7. As the news sensationalizes this situation, you may have started to hear about ICU shortages. This is nothing new. An ICU bed is a finite resource and doctors, such as me, have been making critical decisions on the best way to allocate those beds for a long time. Providing ICU care to someone is one of the heaviest burdens: it requires special units, special beds, specialized nurses and respiratory therapists. A surge in the number of patients will always stress the system, because these are extremely expensive resources, and fiscal responsibility requires these to be allocated tightly.
6. Most ICU docs, such as myself, train in academic centers providing highly advanced care during our fellowship. We learn the most advanced and highest level support of care. However, when we leave these big training centers and find jobs in community hospitals, not all hospitals offer the broad reach of care. This is highly appropriate in some circumstances, such as ECMO (extra-corporeal membrane oxygenation). During times such as now, when there could be a surge in beds, we need to maximize what we can offer in community hospitals, such as mine. One of those approaches is taking a ventilated patient and rolling them onto the stomach, calling “proning”. Some hospitals “don’t offer it” (from social media ICU group I’m in) and doctors are having ethical arguments about training up and adding this to their protocol. I would strongly argue this is very appropriate to expand the capacity of our system and offload burden of the big university centers.
5. There’s a reason you should prioritize your health and stay as healthy as possible: at times like this you can only rely upon yourself. If you are exposed—which is very likely—the best way to avoid serious issues is having a strong immune system to protect you. Government quaratantines, social isolation and travel restrictions may help, but are more to protect mass spread and vulnerable patients systemically.

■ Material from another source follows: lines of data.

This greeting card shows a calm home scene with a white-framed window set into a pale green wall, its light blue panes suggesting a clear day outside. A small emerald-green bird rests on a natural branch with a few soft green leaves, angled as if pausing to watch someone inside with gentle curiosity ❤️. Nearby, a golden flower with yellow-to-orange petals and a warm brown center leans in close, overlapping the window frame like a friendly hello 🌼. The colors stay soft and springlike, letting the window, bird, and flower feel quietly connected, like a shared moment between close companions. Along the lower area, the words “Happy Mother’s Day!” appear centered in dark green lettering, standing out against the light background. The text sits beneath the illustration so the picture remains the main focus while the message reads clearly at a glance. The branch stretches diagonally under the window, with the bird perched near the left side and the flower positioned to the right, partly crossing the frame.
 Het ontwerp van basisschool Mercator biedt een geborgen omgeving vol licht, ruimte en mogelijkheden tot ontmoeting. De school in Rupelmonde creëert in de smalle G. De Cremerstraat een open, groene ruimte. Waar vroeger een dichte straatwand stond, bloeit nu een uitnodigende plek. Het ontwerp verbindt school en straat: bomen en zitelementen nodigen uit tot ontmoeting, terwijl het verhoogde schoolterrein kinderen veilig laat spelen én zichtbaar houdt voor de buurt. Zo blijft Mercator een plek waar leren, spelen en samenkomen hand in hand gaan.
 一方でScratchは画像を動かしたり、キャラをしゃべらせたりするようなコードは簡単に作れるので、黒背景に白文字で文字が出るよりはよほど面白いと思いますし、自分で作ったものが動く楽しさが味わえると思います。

4. The stress of this situation may be more harmful to you than the virus itself. There’s a lot of fear-mongering, criticizing of government leaders, and undue hubbub right now. One way to view this is a crash-course in public health and all the things you should be doing all the time. Washing hands, staying updated on vaccines, isolating yourself when sick, and a healthy lifestyle being reiterated over and over are everyday practices that people should already implement.
3. Find the silver lining. Circumstances like these are evidence that unpredictable things can happen that you would never imagine. There are always upsides; maybe you missed the major league season opener but get to spend more time with the college-aged kid who is now home for the semester. Enjoy those unexpected blessings.

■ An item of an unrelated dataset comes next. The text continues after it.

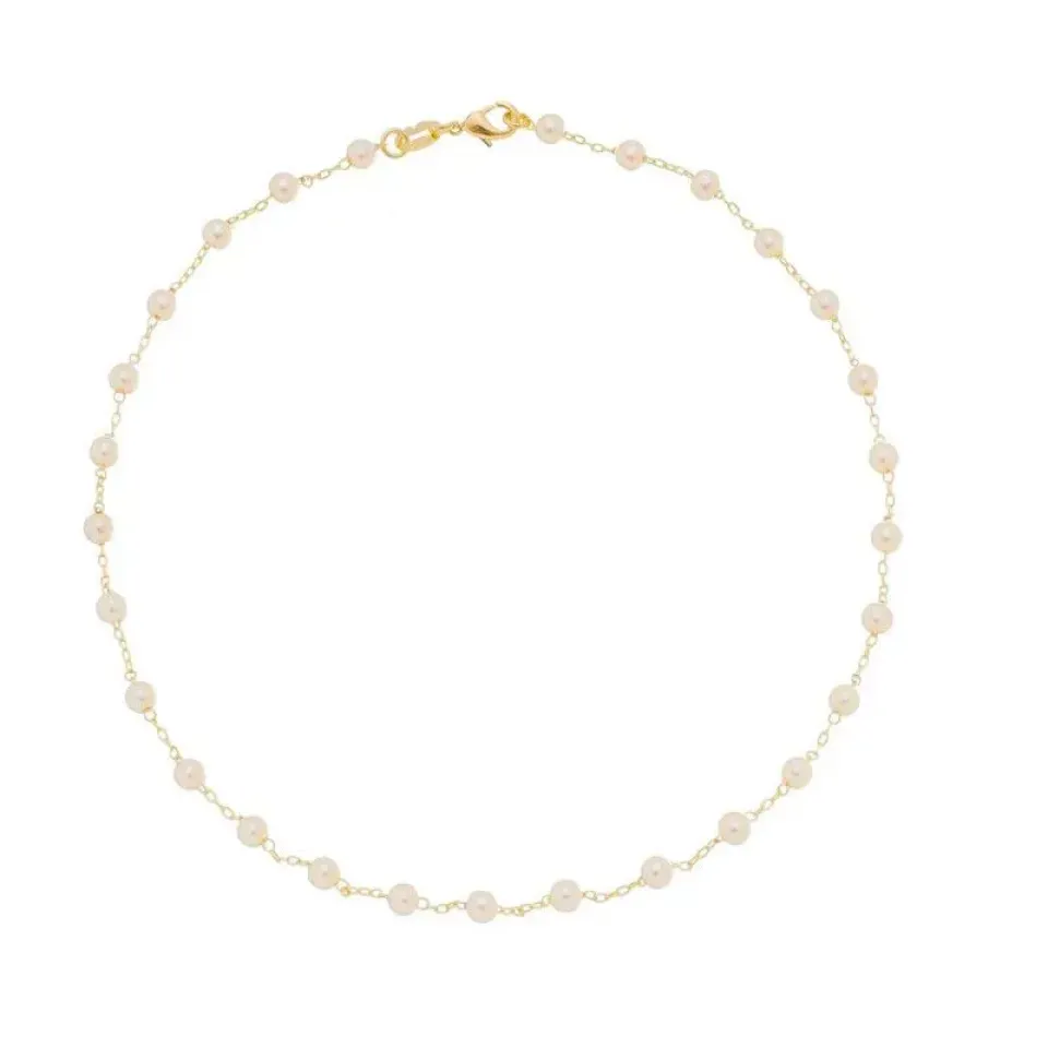 Corrente malha elos iguais 1,30mm com pérolas 4mm, comprimento 45cm.

2. DO NOT go in for testing if you are asymptomatic! That is a waste of resources right now. The biggest issue hampering control of the virus is lack of testing, and there is a testing protocol that requires influenza rule out before you are going to have COVID testing anyway.

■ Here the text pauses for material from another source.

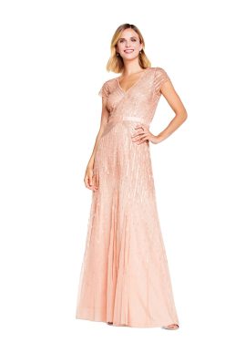 Adrianna Papell Women's Long Beaded V-Neck Dress with Cap Sleeves and Waistband, Blush, 18

1. Those who have underlying medical issues may feel a bit written off right now. Just remember, there is no condition that you cannot dramatically improve or reverse. There are documentations of miraculous and spontaneous remission of every known condition. Here is a link to one of my favorite articles. https://www.forksoverknives.com/plant-based-diet-got-me-off-the-lung-transplant-list-and-helped-me-regain-my-eyesight/#gs.101twj8
In the meantime, go outside and enjoy some fresh air. Keep taking your vitamins, especially vitamin A, C, D and zinc. Drink a smoothie loaded with fruits and greens. Wash your hands. And maybe get ready to invest in the stock market to ride the wave up during the recovery!
Dr Mollie James, "the Functional Surgeon" is board certified in general surgery and critical care, as well as certified in functional medicine. She practices Critical Care in St Louis, Missouri. She is the founder of Prism Health and has been in practice since 2010.